A spiritual journey in the Massif Central hits home

Jesuit Charles Wright’s beautiful meditation on life and God has become a surprise success in France

Last year, a French friend sent me a copy of Charles Wright’s Le chemin des estives (roughly translated as Walking Through Mountain Pastures), thinking, rightly, that it would appeal to me. Published in 2021 and partly written during the Covid crisis, it is a beautiful meditation on life and God. It recounts Wright’s experience as a Jesuit scholastic of being dropped off with a companion, Benoît Parsac, in a village in the Massif Central with virtually no money, no phone or access to the internet, with the instruction that they must walk 700km through the mountainous terrain while depending on charity and their resourcefulness to survive.

Towards the beginning of their adventure, Charles notes how Catholicism in France no longer speaks to the vast majority of the population, who rarely attend Mass or receive the sacraments – I was struck by the resemblance between this and what is happening in Ireland.
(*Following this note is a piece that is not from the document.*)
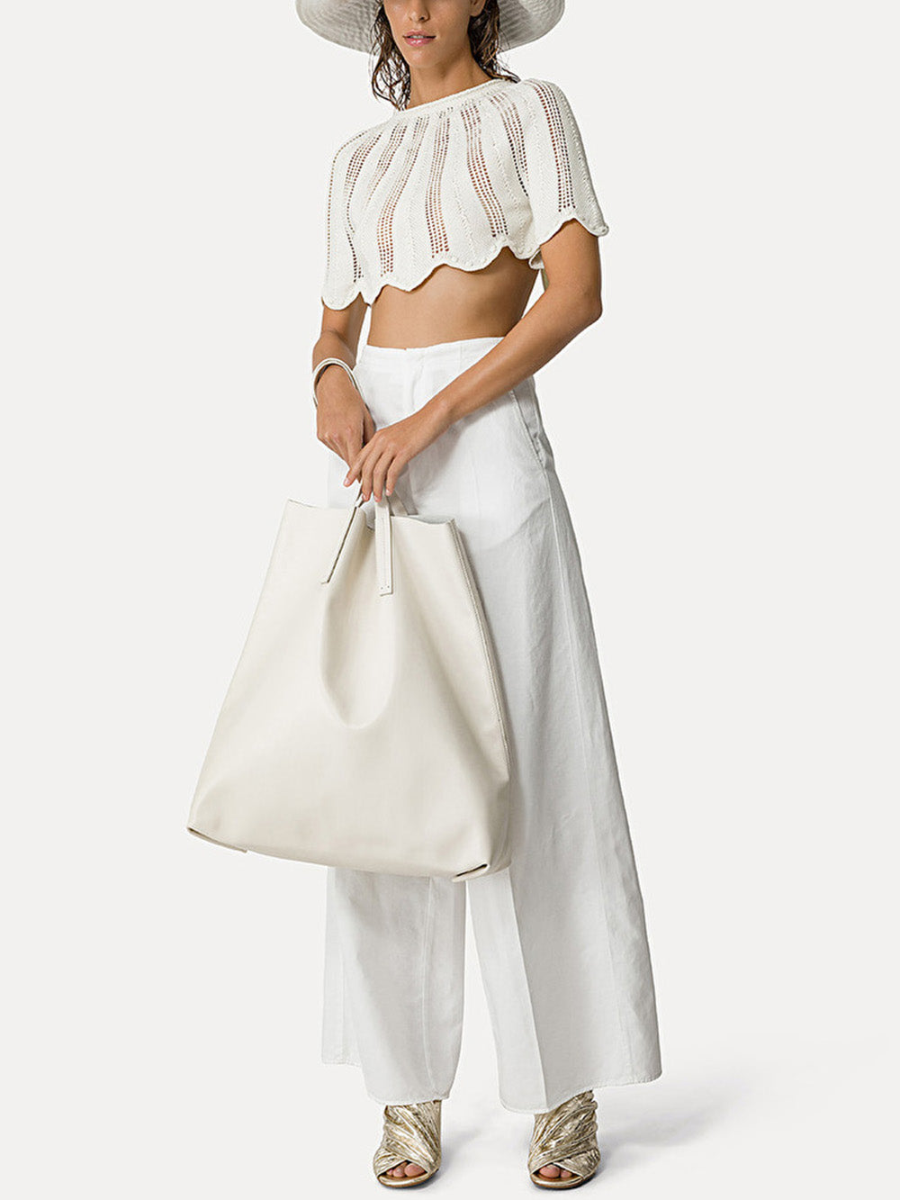 PALAZZO TROUSERS IN WHITE COTTON GABARDINE
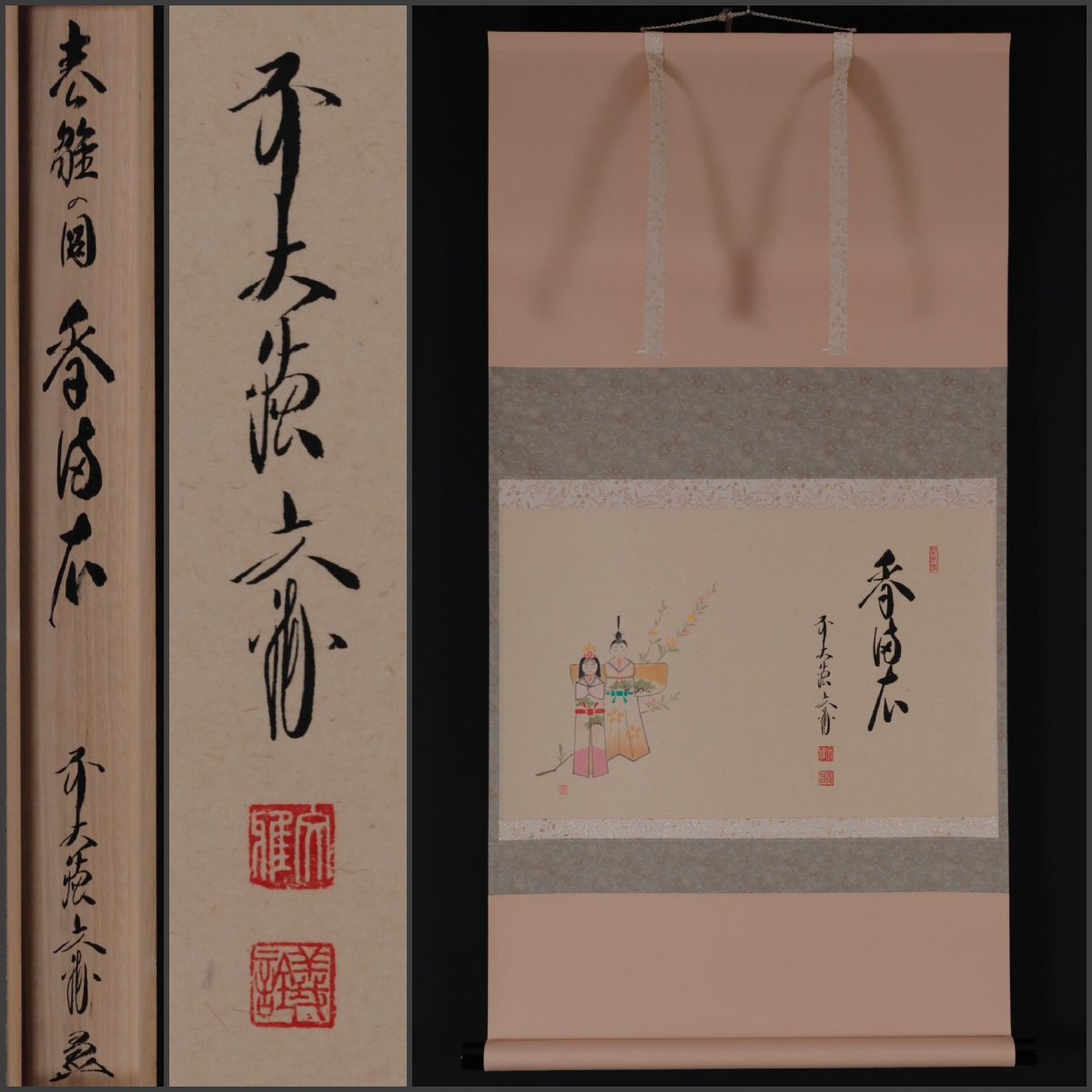 > 【模写】吉】12863 法谷文雅 雛画賛「香満衣」 共箱 小田雪窓師事 臨済宗 大徳寺派 逢春寺住職 仏教 茶掛け 茶道具 禅語 書 掛軸 掛け軸

When the two scholastics arrive at an ornate church in a small village, it strikes Charles that in the future visitors to these buildings will be like anthropologists marvelling at the practices of a strange tribe. They will scrutinise the iconography on the walls, the pews where people used to kneel before statues of revered figures of the Christian tradition and they will wonder: What sort of cult were these people part of?

I am reminded of Philip Larkin’s poem, Church Going, where he visits a church out of curiosity, not faith, and imagines a time when even faith’s poor relation, superstition, has died out:

“And what remains when disbelief has gone?/ Grass, weedy pavement, brambles, buttress, sky,/ A shape less recognizable each week,/ A purpose more obscure.”


In a similar vein, when observing the astounding beauty all around them, Charles asks Parsac if the word God itself is not a desecration? After all, true love involves going beyond language, images, beyond the very idea of the divine. It would appear as though the journey through the mountains and having the time to reflect on existence is pushing Charles to re-evaluate his relationship with God – just as his Jesuit superiors would have wished. He begins to doubt if it is even a good idea to follow blindly the rules of a religious order. The true Christian path, he believes, demands first of all knowing and being true to oneself, which is an essential prelude to discovering God.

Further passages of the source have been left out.